**What is being asked**
Reproduce exactly only the lines from the line that holds "トマトソースがリッチなため、" to the line that holds "全文摘要:巴萨西甲3-1胜埃", inclusive, in the listing below, and please leave out every picture.
--- Extracted information Enclosed Below ---
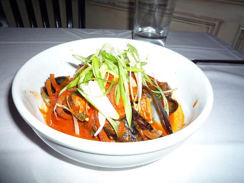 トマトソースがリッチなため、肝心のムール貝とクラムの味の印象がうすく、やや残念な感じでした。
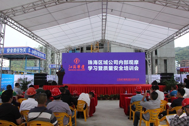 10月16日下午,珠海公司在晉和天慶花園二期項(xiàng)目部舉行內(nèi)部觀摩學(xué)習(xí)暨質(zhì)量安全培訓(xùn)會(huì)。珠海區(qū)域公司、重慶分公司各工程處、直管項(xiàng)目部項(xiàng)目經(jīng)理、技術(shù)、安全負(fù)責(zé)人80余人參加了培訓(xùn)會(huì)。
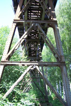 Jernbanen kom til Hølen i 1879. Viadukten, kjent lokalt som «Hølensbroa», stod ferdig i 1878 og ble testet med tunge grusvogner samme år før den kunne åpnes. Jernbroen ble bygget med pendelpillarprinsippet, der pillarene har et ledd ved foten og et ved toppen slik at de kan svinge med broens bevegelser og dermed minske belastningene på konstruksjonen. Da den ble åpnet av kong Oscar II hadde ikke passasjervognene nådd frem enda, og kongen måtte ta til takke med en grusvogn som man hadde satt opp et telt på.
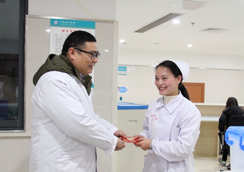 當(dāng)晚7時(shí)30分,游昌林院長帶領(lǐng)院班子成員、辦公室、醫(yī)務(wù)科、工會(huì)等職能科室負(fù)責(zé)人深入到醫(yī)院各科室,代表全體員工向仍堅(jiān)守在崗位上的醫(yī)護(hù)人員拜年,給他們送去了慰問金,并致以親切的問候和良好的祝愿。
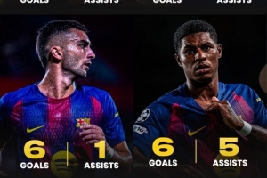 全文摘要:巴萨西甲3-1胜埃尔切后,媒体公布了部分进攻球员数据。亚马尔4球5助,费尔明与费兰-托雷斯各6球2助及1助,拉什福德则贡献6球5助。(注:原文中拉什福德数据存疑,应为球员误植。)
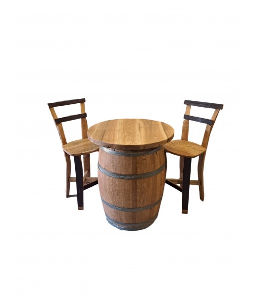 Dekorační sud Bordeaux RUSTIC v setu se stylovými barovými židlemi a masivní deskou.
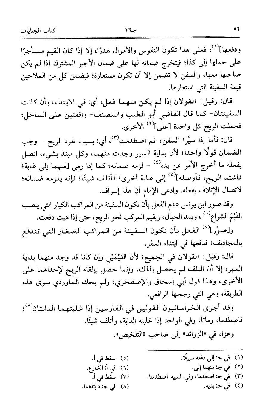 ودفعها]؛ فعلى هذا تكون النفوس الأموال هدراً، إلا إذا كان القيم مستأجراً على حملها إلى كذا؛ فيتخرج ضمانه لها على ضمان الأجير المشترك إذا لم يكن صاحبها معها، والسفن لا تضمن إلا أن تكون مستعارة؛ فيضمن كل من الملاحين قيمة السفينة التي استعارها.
--- End of Enclosed Extracted information ---
--- Extracted information Enclosed Below ---
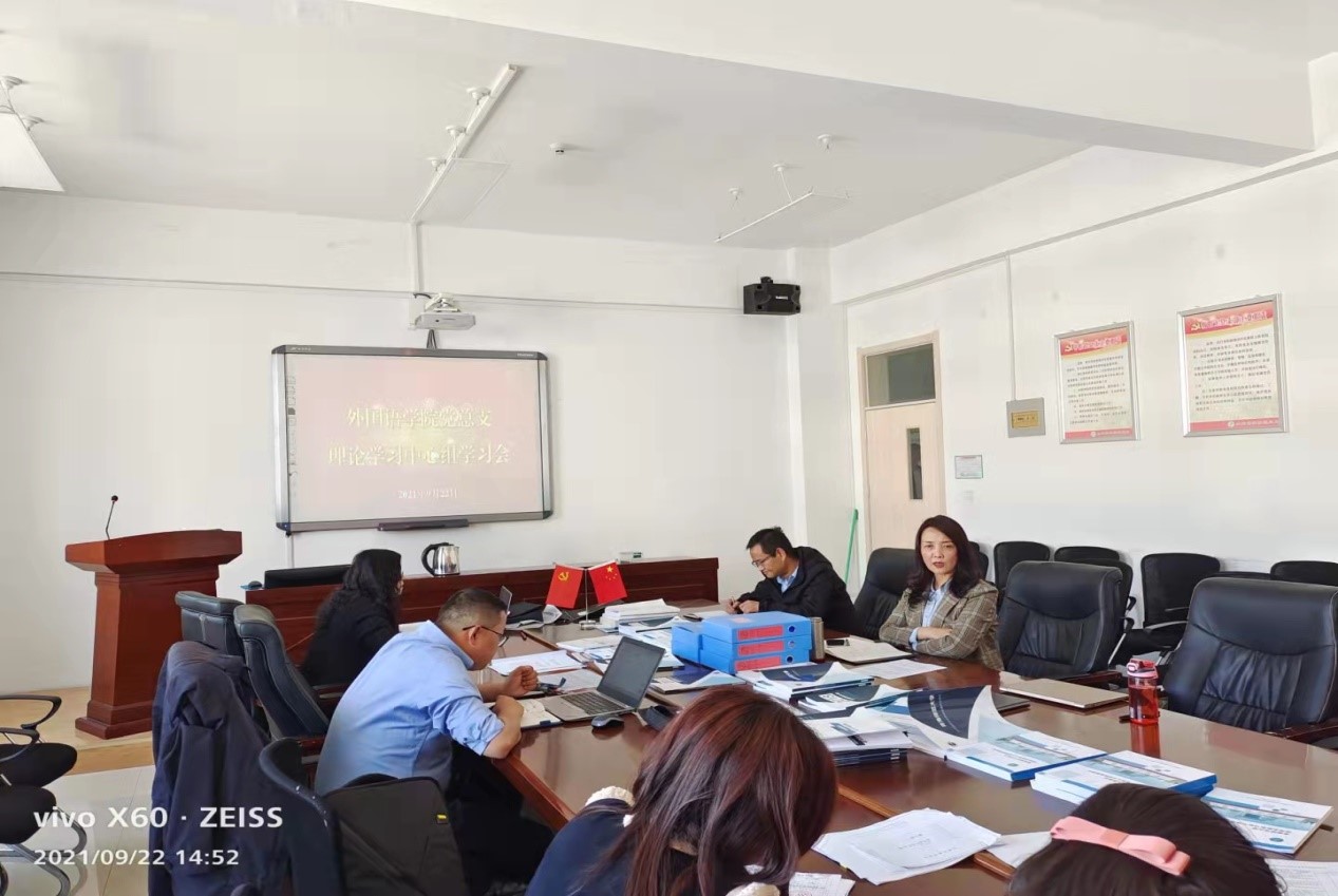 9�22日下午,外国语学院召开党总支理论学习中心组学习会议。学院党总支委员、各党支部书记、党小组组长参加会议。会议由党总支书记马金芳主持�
--- End of Enclosed Extracted information ---
--- Extracted information Enclosed Below ---
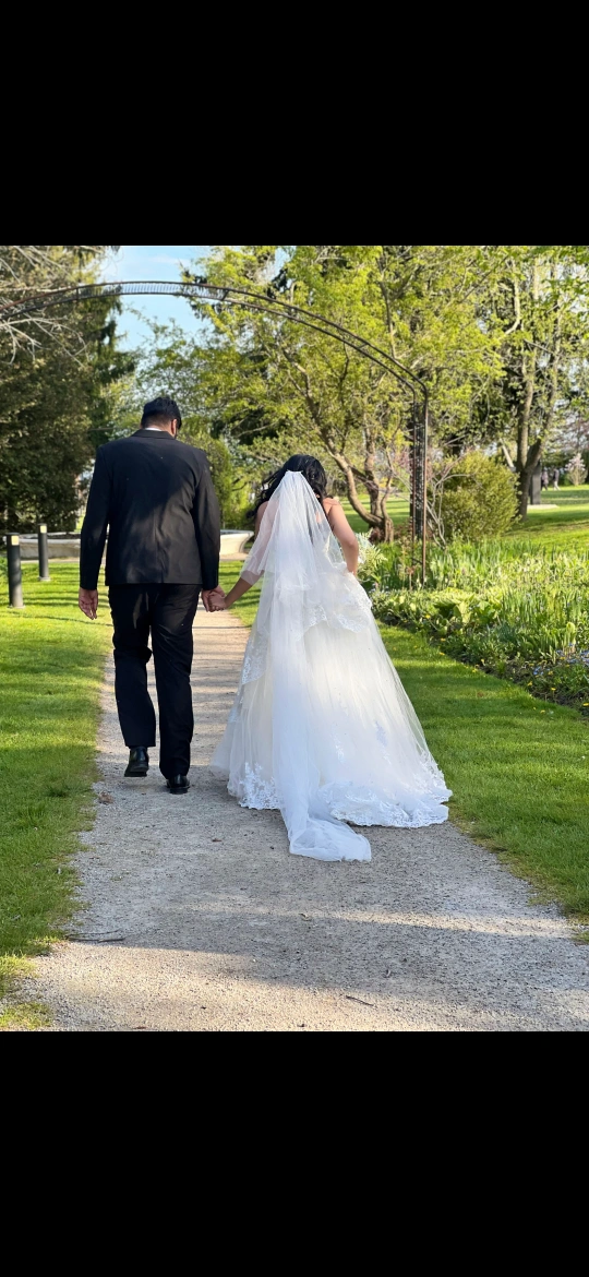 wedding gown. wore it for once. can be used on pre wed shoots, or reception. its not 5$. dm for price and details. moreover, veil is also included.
--- End of Enclosed Extracted information ---
**Exercise output**
 トマトソースがリッチなため、肝心のムール貝とクラムの味の印象がうすく、やや残念な感じでした。
 10月16日下午,珠海公司在晉和天慶花園二期項(xiàng)目部舉行內(nèi)部觀摩學(xué)習(xí)暨質(zhì)量安全培訓(xùn)會(huì)。珠海區(qū)域公司、重慶分公司各工程處、直管項(xiàng)目部項(xiàng)目經(jīng)理、技術(shù)、安全負(fù)責(zé)人80余人參加了培訓(xùn)會(huì)。
 Jernbanen kom til Hølen i 1879. Viadukten, kjent lokalt som «Hølensbroa», stod ferdig i 1878 og ble testet med tunge grusvogner samme år før den kunne åpnes. Jernbroen ble bygget med pendelpillarprinsippet, der pillarene har et ledd ved foten og et ved toppen slik at de kan svinge med broens bevegelser og dermed minske belastningene på konstruksjonen. Da den ble åpnet av kong Oscar II hadde ikke passasjervognene nådd frem enda, og kongen måtte ta til takke med en grusvogn som man hadde satt opp et telt på.
 當(dāng)晚7時(shí)30分,游昌林院長帶領(lǐng)院班子成員、辦公室、醫(yī)務(wù)科、工會(huì)等職能科室負(fù)責(zé)人深入到醫(yī)院各科室,代表全體員工向仍堅(jiān)守在崗位上的醫(yī)護(hù)人員拜年,給他們送去了慰問金,并致以親切的問候和良好的祝愿。
 全文摘要:巴萨西甲3-1胜埃尔切后,媒体公布了部分进攻球员数据。亚马尔4球5助,费尔明与费兰-托雷斯各6球2助及1助,拉什福德则贡献6球5助。(注:原文中拉什福德数据存疑,应为球员误植。)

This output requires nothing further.